The entries below are to be returned as written, with all pictures dropped.

---

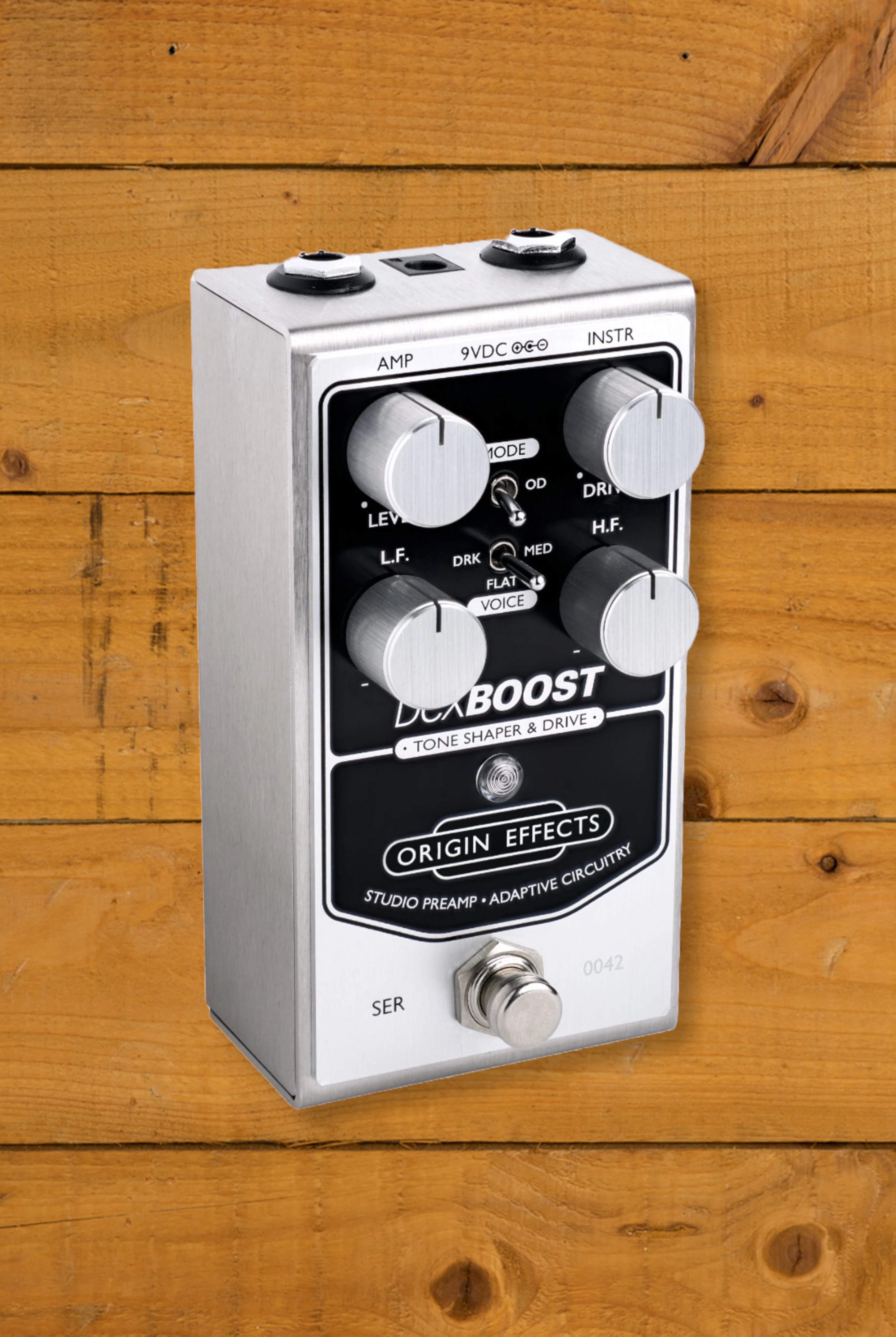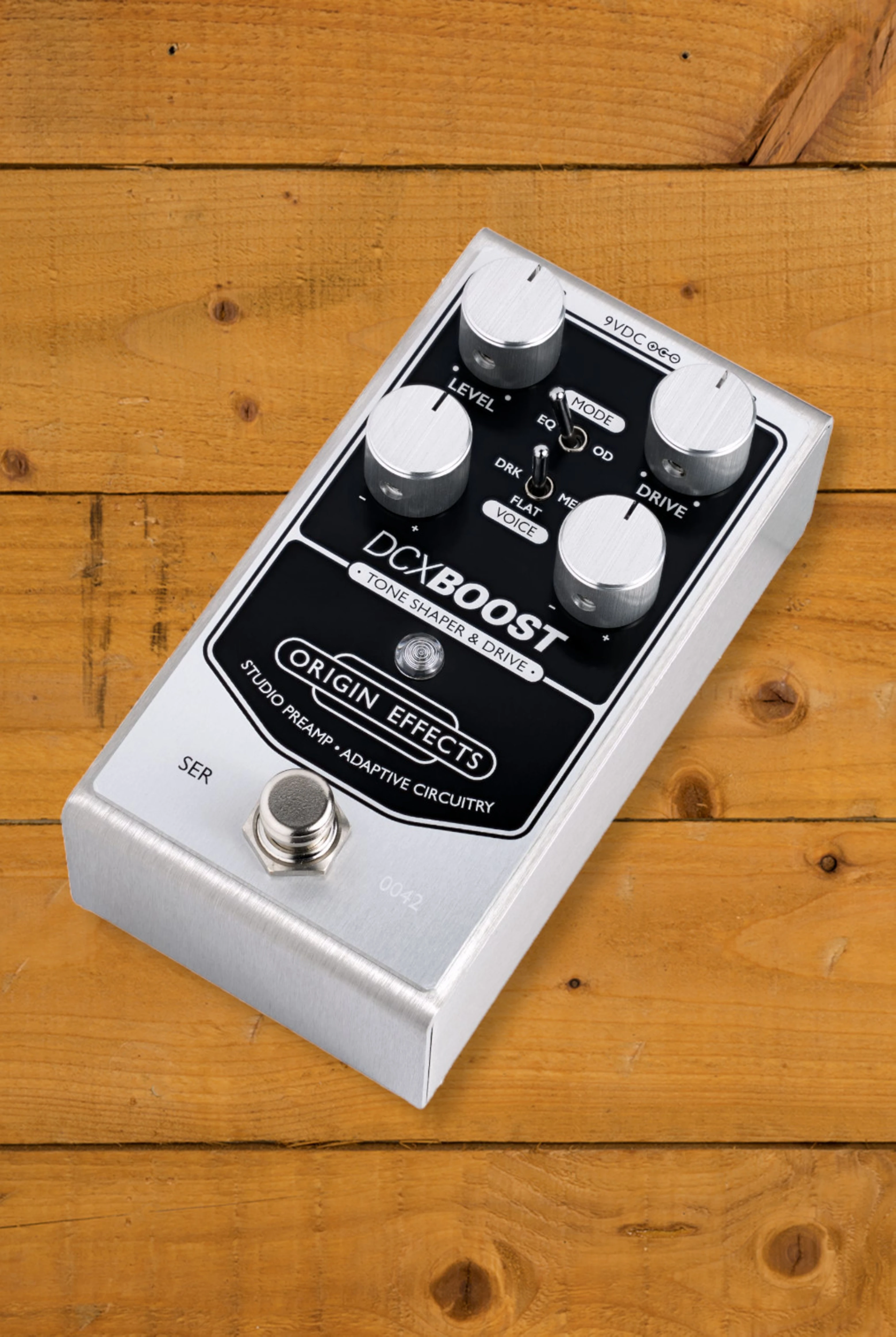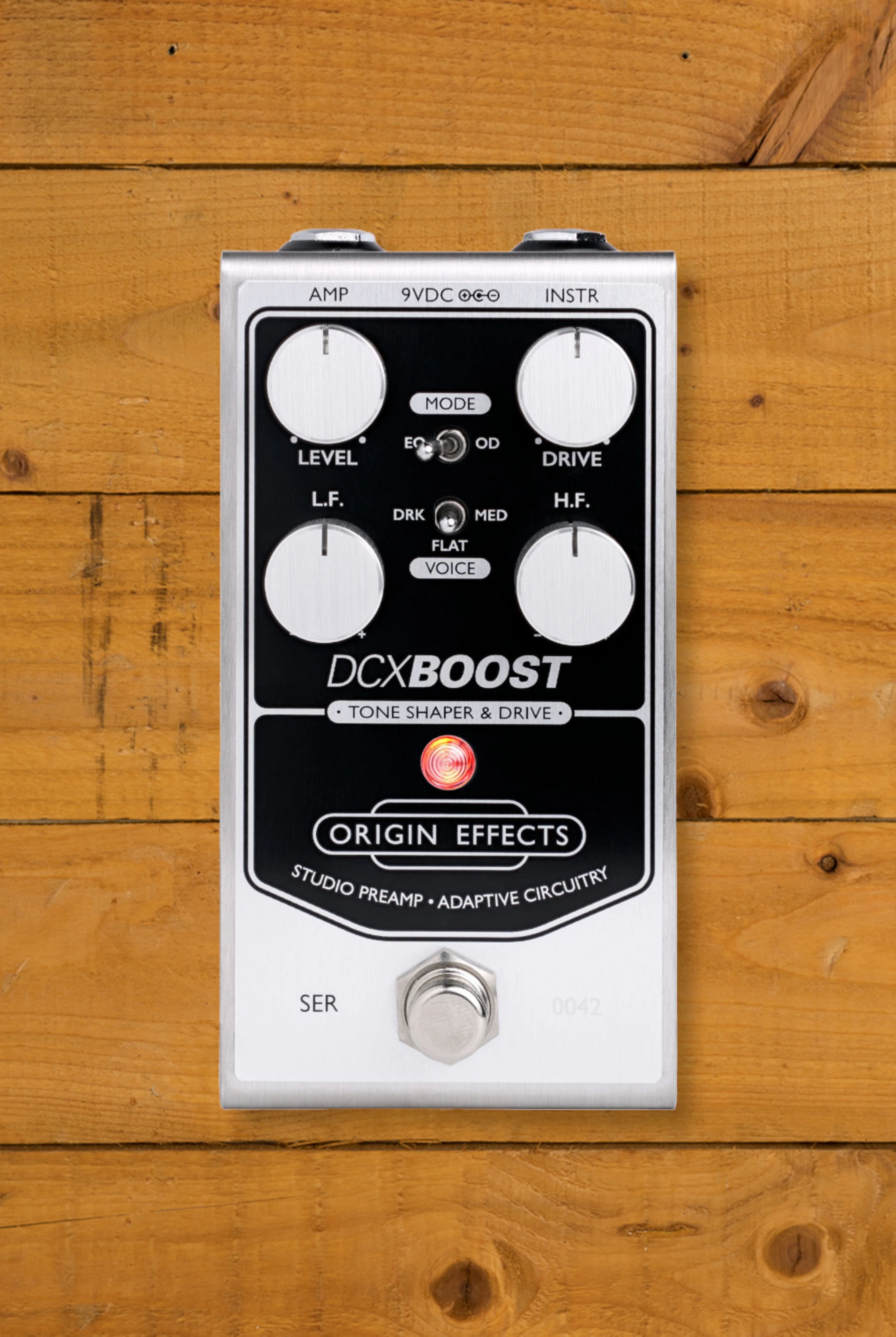 Looking to add some vintage, analogue colour to your guitar tone? Introducing the DCX BOOST - a tone shaper and drive pedal inspired by the iconic UA 610 recording preamp. This pedal is perfect for anyone looking to add some retro character and warmth to their signal chain. The pedal caters to guitar players, with EQ controls designed for maximum clarity and precise control of level and EQ. From subtle boosts and tone-tweaking to fuzz-like "cranked console" saturation, the DCX pedal can enhance anything that passes through the circuit, just like you'd expect from a great retro recording preamp. Plus, the EQ and OD modes provide a versatile gain range, while the Voice control fine-tunes treble response with Origin's Adaptive Circuitry, previously seen on the Halcyon Green Overdrive and M-EQ Driver. With all-analogue, studio-derived circuitry and a sophisticated balance of precision and character, these pedals can craft the perfect clean boost, mimic classic "direct to console" tones or serve up saturated vintage overdrive. Crafted with high-quality components throughout and designed and built in England, the DCX BOOST is a must-have for any guitarist looking to add some vintage character to their sound.
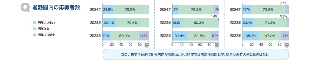 ● とにかく応募する学生が減少傾向にある。東京・埼玉への希望が多い(大学病院)
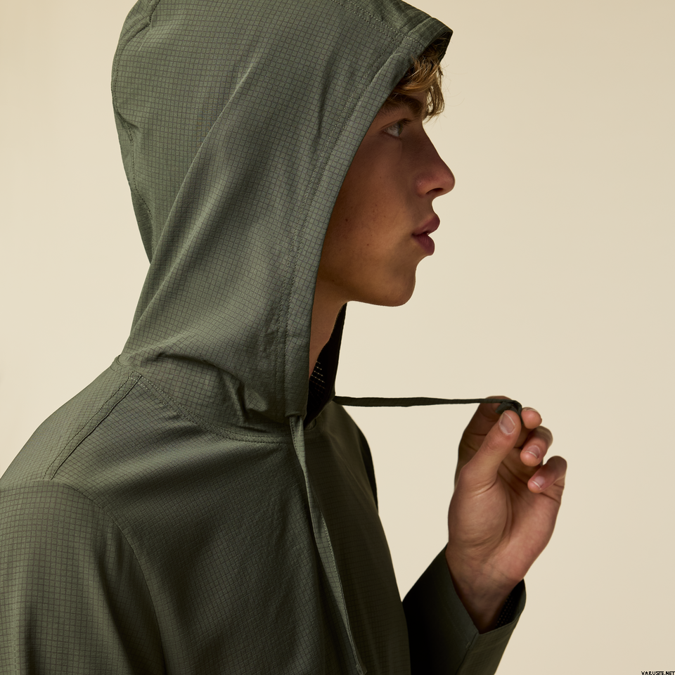 - 可调节抽绳兜帽,方便微调遮盖范围和贴合度
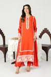 A vibrant fiery orange three piece ensemble that exudes festive elegance and timeless charm.The straight cut shirt is crafted from smooth flowy fabric and adorned with intricate white embroidery along the neckline front panel sleeves cuffs and hemline.The embroidery features traditional floral motifs creating a striking contrast against the bold orange base.The round neckline with a center slit is richly detailed drawing attention to the finely worked front panel.The full length sleeves are enhanced with matching embroidered borders.The shirt is paired with matching straight trouser ensuring a clean and polished silhouette.Completing the look is a sheer matching dupatta delicately finished with lace edging adding softness and graceful movement to the ensemble.This outfit is perfect for gathering or festive occasion
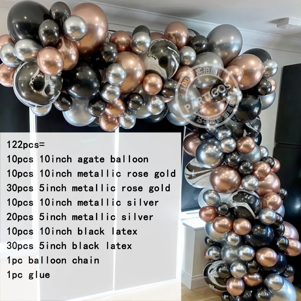 122 шт./компл. латексные шары черного агата хром металлик розовое золото серебро шар гирлянда арка для свадебного украшения детей день рождения
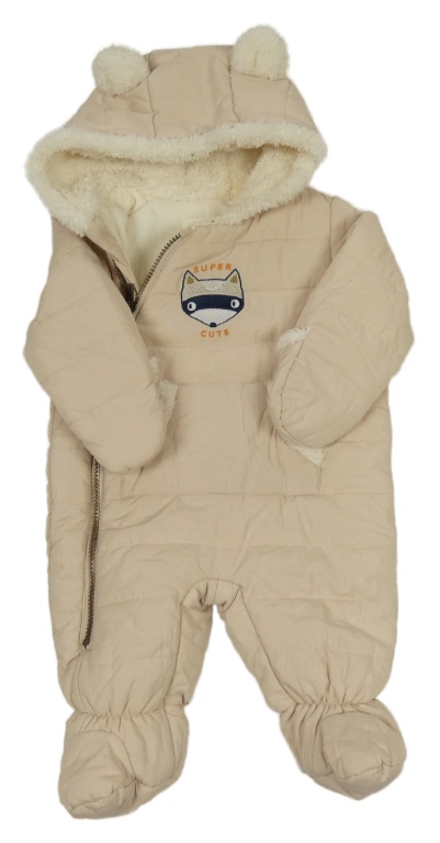 Smotanová šušťáková zimná kombinéza s líškou a kapucňou
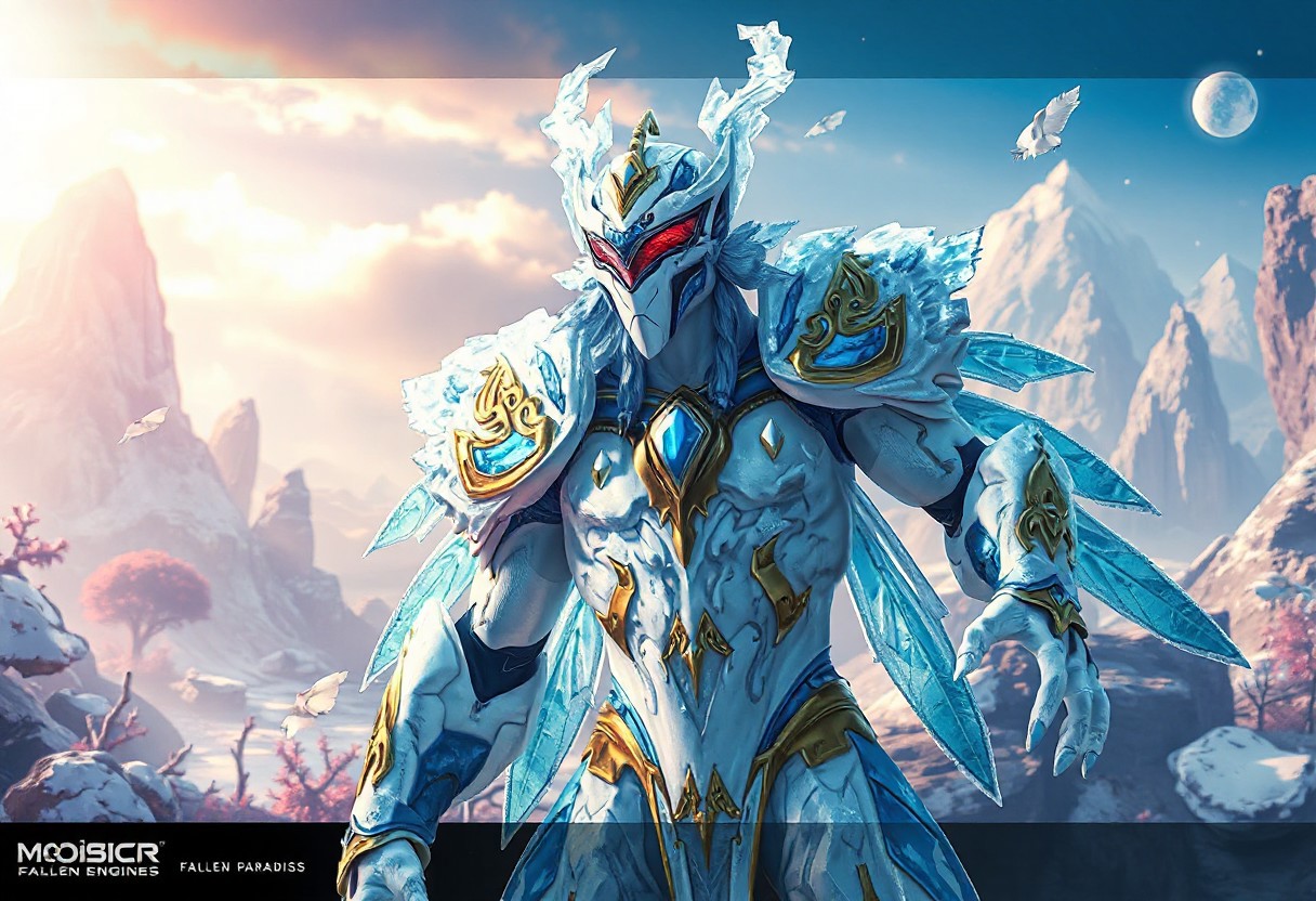 "Explore the dynamic and intricate details of a Frost Monarch, Mobius, standing ready for action amidst a stunning Fallen Paradise backdrop. Adorned with vibrant blue and gold accents against a predominantly white body, the Monarch's red visor adds a striking contrast. The lifelike details and vivid emotions are enhanced with sharp lines, harmonious colors, and a captivating dynamic pose. This stunning matte painting boasts impeccable composition, a well-timed moment, and intentional focus. Found trending on ArtstationHQ, CGSociety, and Behance, this highly detailed 8K masterpiece is a testament to the artist's skill with Octane Render, Unreal Engine 5, and Raphael Style techniques."

---

* [Your response]
 Looking to add some vintage, analogue colour to your guitar tone? Introducing the DCX BOOST - a tone shaper and drive pedal inspired by the iconic UA 610 recording preamp. This pedal is perfect for anyone looking to add some retro character and warmth to their signal chain. The pedal caters to guitar players, with EQ controls designed for maximum clarity and precise control of level and EQ. From subtle boosts and tone-tweaking to fuzz-like "cranked console" saturation, the DCX pedal can enhance anything that passes through the circuit, just like you'd expect from a great retro recording preamp. Plus, the EQ and OD modes provide a versatile gain range, while the Voice control fine-tunes treble response with Origin's Adaptive Circuitry, previously seen on the Halcyon Green Overdrive and M-EQ Driver. With all-analogue, studio-derived circuitry and a sophisticated balance of precision and character, these pedals can craft the perfect clean boost, mimic classic "direct to console" tones or serve up saturated vintage overdrive. Crafted with high-quality components throughout and designed and built in England, the DCX BOOST is a must-have for any guitarist looking to add some vintage character to their sound.
 ● とにかく応募する学生が減少傾向にある。東京・埼玉への希望が多い(大学病院)
 - 可调节抽绳兜帽,方便微调遮盖范围和贴合度
 A vibrant fiery orange three piece ensemble that exudes festive elegance and timeless charm.The straight cut shirt is crafted from smooth flowy fabric and adorned with intricate white embroidery along the neckline front panel sleeves cuffs and hemline.The embroidery features traditional floral motifs creating a striking contrast against the bold orange base.The round neckline with a center slit is richly detailed drawing attention to the finely worked front panel.The full length sleeves are enhanced with matching embroidered borders.The shirt is paired with matching straight trouser ensuring a clean and polished silhouette.Completing the look is a sheer matching dupatta delicately finished with lace edging adding softness and graceful movement to the ensemble.This outfit is perfect for gathering or festive occasion
 122 шт./компл. латексные шары черного агата хром металлик розовое золото серебро шар гирлянда арка для свадебного украшения детей день рождения
 Smotanová šušťáková zimná kombinéza s líškou a kapucňou
 "Explore the dynamic and intricate details of a Frost Monarch, Mobius, standing ready for action amidst a stunning Fallen Paradise backdrop. Adorned with vibrant blue and gold accents against a predominantly white body, the Monarch's red visor adds a striking contrast. The lifelike details and vivid emotions are enhanced with sharp lines, harmonious colors, and a captivating dynamic pose. This stunning matte painting boasts impeccable composition, a well-timed moment, and intentional focus. Found trending on ArtstationHQ, CGSociety, and Behance, this highly detailed 8K masterpiece is a testament to the artist's skill with Octane Render, Unreal Engine 5, and Raphael Style techniques."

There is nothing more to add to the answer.